A few weeks ago, fellow analyst Steve Sechrist reported that eBooks are at the "tipping point" over hard cover — but what about the penetration of the eBooks themselves, and the relative competition? A recent article in the IEEE Spectrum compared eBooks from nine different manufacturers, and surprisingly rebuffed Sony, one of the first entrants into the business. Are they still in the running, or are they destined to become a casualty of a possible upcoming cull, a result of full-global marketing?
Insight Media Consultant
While Sony excels in the sale of consumer electronics, their eReaders have not come close to achieving the penetration of that of market leaders Amazon (Kindle) and Barnes & Noble (Nook). Although they refrain from giving actual sales information, some analysts believe that Amazon.com will sell some 3.7 million Kindles this year, while Sony is thought to have just five percent of the US market for this product.
By all appearances, Amazon and B&N have widely overtaken both Sony and newer entrants in the field, a success that appears to come down to three factors: a ready supply of content, ease of acquiring it, and marketing strength. While Sony can access content that is every bit as impressive as Amazon and B&N, the average consumer no doubt sees the other two companies as having a broader supply of it, whether it’s true or not; chalk that up to early content deals and savvy marketing of the content. As for ease of content access, the WiFi and 3G components of the leaders’ devices make downloading content a trivial task, one that doesn’t require a tethered computer. Currently, Sony only provides this functionality (3G) in their largest, most expensive Reader Daily Edition; the lower priced Pocket Edition and Touch Edition both require a USB connection to a PC in order to browse, order and download content.
Well, Sony isn’t ready to throw in the towel any time soon, if recent rumors turn out to be true. Internet sources are reporting that the existing Sony Reader Pocket Edition (PRS-300) and Reader Touch Edition (PRS-600) will both get competitive updates: a new PRS-650 is thought to be in the works, adding Wi-Fi and possibly 3G. It and a new PRS-350 Pocket Edition are believed to also have longer battery life (formerly at about two weeks), larger memory (2GB as opposed to 512MB), higher-contrast and faster displays that may use E-Ink’s Pearl technology, and smaller form factors, too, at less than 1cm (0.4 inches) thick.
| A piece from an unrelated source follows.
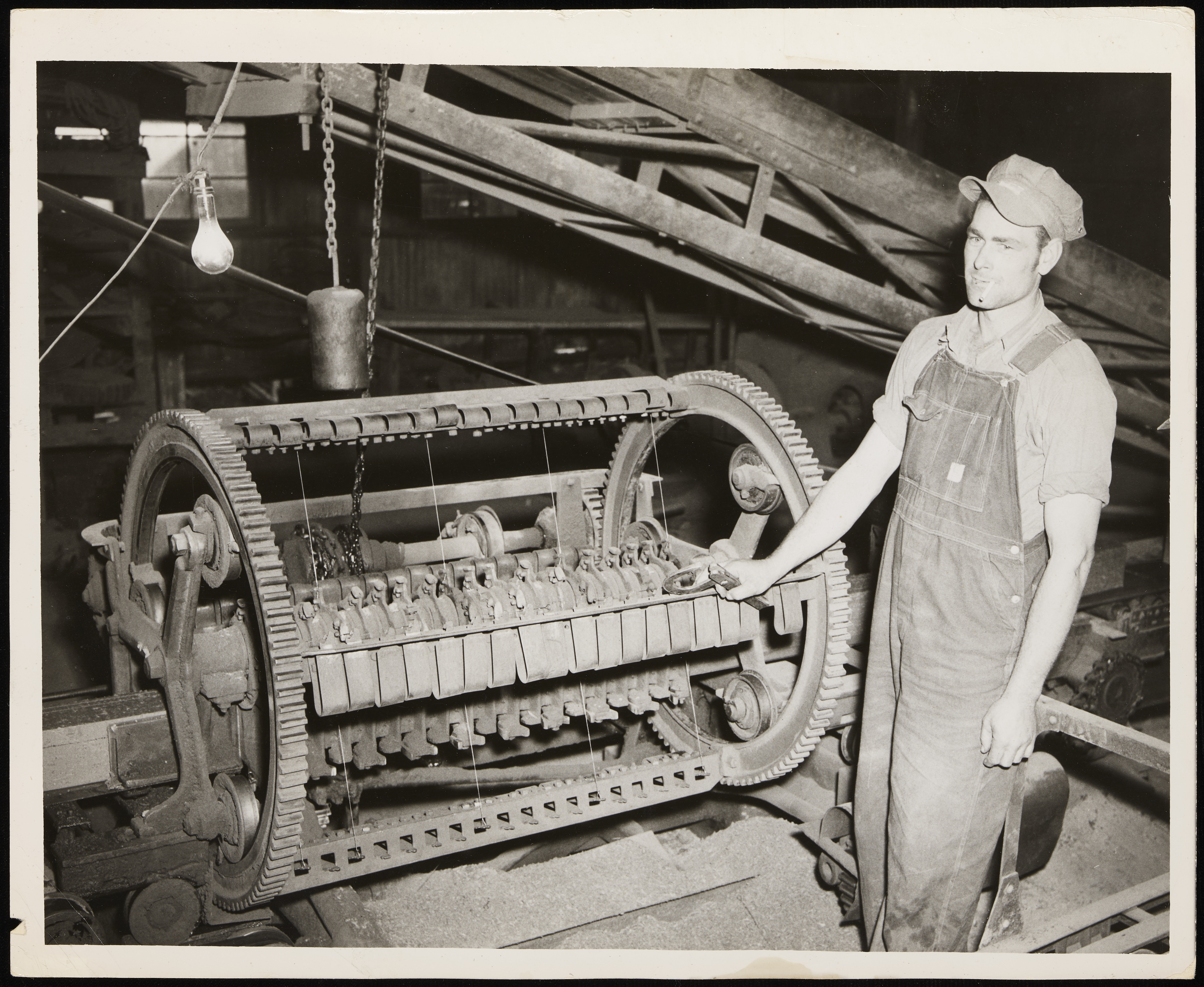 Unidentified adult with equipment. Photograph taken by a Sanford Herald staff photographer. The image appeared in the January 1, 1951 issue of The Sanford Herald on page 1, section 2.

Is it a case of too little, too late? Sony may be hedging its bets by upping the product features, together with shoring up the business elsewhere. In a move that may help to improve far-East sales, Sony has entered into a joint venture with several content-related companies in Japan, including the Asahi Shimbun Co., the second most circulated of the five national newspapers in Japan. According to Nikkei Electronics Asia, the new group plans to become a service company to construct and operate an e-book content distribution platform; the service is expected to start before the end of 2010.
It looks like Sony, having learned from its eBook experiences in the West, wants to create an "open" organization with content coming from multiple sources, instead of the "walled garden" that seems to be working in the United States and elsewhere. If the model succeeds in Japan, it could inspire similar services in other culturally focused nations.